SUMMARY/ABSTRACT
As one of the most abundant anions in the human body, chloride plays a crucial role in human health. Chloride
homeostasis is maintained inside the cell while the chloride level is varied based on the function of organelles.
Dysregulation of chloride homeostasis caused by the mutation of chloride channels results in various human
diseases such as cystic fibrosis (CFTR, >70,000 people worldwide), proteinuria and kidney stones (ClC-5, 39
million people in US), Osteoporosis (ClC-7, 10 million people in US, 43 million people in the risk group). Although
five FDA-approved chloride channel modulators have been reported, they only target plasma membrane chloride
channels due to the technical barrier. There is no FDA-approved or clinical trial drug that targets organellar
chloride channel. The field of chloride channel-targeted therapy is still under-studied (5 FDA-approved drugs, 2
clinical trial) compared to other channels such as calcium, potassium, and sodium.
The lack of understanding of the physiological role of organellar chloride and the well-characterized
chloride channel are the biggest roadblocks for the development of chloride channel-targeted therapy.
Therefore, suitable research tools with a high resolving ability to examine the organelle chloride in live
cells is a highly urgent need, which is essential to elucidate the physiological role of organellar chloride
and characterize the chloride channel. However, the current chloride measurement with one-dimensional
analysis only shows the average ion level. It cannot observe the chloride level change in a minor subset of
organelles triggered by the cellular pathway such as STING and autophagy. Furthermore, the typical
fluorescence measurement can only tell the variation of the average chloride level (increase, decrease, and no
significant change) in certain conditions.
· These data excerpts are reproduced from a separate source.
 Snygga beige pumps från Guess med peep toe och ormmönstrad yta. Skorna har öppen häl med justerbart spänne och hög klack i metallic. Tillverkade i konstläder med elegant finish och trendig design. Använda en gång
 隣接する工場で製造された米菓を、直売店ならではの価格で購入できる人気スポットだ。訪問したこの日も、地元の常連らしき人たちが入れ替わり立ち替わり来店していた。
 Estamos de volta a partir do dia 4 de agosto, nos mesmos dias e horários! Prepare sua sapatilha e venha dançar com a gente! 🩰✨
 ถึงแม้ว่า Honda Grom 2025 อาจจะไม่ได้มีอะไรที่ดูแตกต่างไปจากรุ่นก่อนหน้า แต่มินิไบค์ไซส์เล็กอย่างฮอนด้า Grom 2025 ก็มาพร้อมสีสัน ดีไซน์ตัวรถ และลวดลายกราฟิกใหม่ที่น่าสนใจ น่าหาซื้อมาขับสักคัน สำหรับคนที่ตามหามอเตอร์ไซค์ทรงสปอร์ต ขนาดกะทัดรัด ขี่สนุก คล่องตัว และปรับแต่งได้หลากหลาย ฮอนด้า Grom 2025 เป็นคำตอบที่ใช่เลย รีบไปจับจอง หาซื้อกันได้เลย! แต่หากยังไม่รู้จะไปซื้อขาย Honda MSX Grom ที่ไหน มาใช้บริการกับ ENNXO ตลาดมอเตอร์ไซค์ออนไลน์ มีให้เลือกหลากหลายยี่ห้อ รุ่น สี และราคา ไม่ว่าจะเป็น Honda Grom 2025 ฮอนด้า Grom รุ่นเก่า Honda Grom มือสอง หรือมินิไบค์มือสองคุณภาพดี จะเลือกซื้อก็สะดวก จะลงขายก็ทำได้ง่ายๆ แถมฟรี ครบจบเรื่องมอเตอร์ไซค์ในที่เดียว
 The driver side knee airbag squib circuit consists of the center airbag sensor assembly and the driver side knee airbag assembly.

The current methods significantly hinder the identification of deactivated
cell pathways or protein based on the chloride level measurement.
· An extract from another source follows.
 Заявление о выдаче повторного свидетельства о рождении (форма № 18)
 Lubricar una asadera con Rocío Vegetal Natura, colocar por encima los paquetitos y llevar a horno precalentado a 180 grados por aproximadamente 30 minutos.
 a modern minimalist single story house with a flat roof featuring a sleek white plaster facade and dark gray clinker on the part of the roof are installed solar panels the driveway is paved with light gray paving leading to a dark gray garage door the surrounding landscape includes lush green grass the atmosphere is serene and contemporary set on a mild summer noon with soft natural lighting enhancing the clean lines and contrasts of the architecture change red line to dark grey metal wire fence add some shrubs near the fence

The proposed research integrate organelle selective dual reporters, single organelle measurement, sub-
cellular imaging, and the three-dimensional analysis, to fingerprint the chemotype of organelles along with STING
pathway, autophagy, and mitochondrial respiration. Completion of the proposed study will find out the
physiological role of organellar chloride which shed light on the chloride channel-targeted therapy. The
development of the organelle chemotype fingerprinting technique will also provide tools to characterize chloride
channels, evaluate chloride channel modulators and identify the deactivated cell pathways or proteins.